Untuk menutup artikel ini, realita bioteknologi di Indonesia masih sangat terbatas. Perusahaan-perusahaan startup bioteknologi belum mencapai sukses sebesar perusahaan luar negeri seperti Notable Labs, Ginkgo Bioworks, Codiak BioSciences, dan perusahaan-perusahaan besar lain. Lantas, apa yang mencegah startup Indonesia untuk sukses? Apakah inovasi yang dibawakan kurang? Saya rasa Indonesia tidak kekurangan pemuda-pemudi cemerlang yang kreatif dan inovatif di bidang bioteknologi. Apakah diakibatkan tidak adanya investor? Investor tentu saja tidak akan memberikan dana jika bisnis yang didukung tidak menjanjikan, terutama pada bidang yang sangat baru seperti bioteknologi. Indonesia, saat ini, perlu waktu banyak untuk mengembangkan sektor bioteknologi. Inovasi sebaik apapun tidak akan berguna jika baru berada di tahap riset. Pendanaan sebanyak apapun tidak akan berbuah hasil jika produksi hasil inovasi belum berjalan lancar.
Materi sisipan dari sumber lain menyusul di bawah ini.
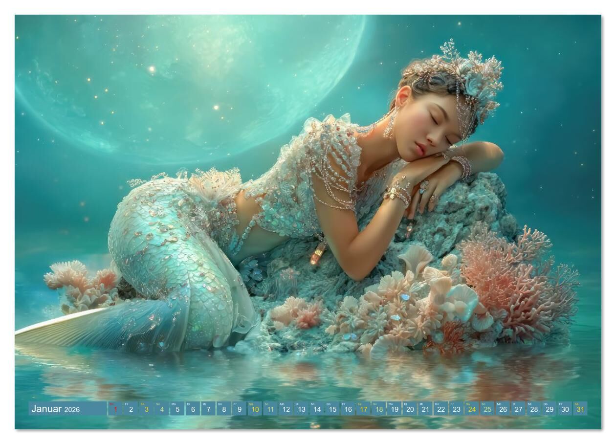 Glamouröse Meerjungfrauen - Fabelwesen (Wandkalender 2026 DIN A4 quer), CALVENDO Monatskalender

Indonesia perlu waktu trial-and-error untuk mengembangkan sektor teknologi biologis, baik dalam tingkat selular, genetik, hingga molekular. Jika inovasi gagal, buatlah inovasi lain. Jika startup berhenti, evaluasi dan tingkatkan lagi untuk usaha selanjutnya. Dalam menjadi pionir sektor baru, kita tidak boleh tergesa-gesa dan cepat-cepat menilai bahwa hasil ini berhasil atau tidak. Untuk terjadi perkembangan, perlu jatuh-bangun dari pelopor-pelopor bioteknologi di Indonesia. Penelitian rekayasa genetika pada nyamuk malaria berlangsung dari tahun 2008 hingga 2022, hampir 14 tahun usaha berkepanjangan. Siapkah kita melakukan hal yang sama demi Ibu Pertiwi Indonesia ini?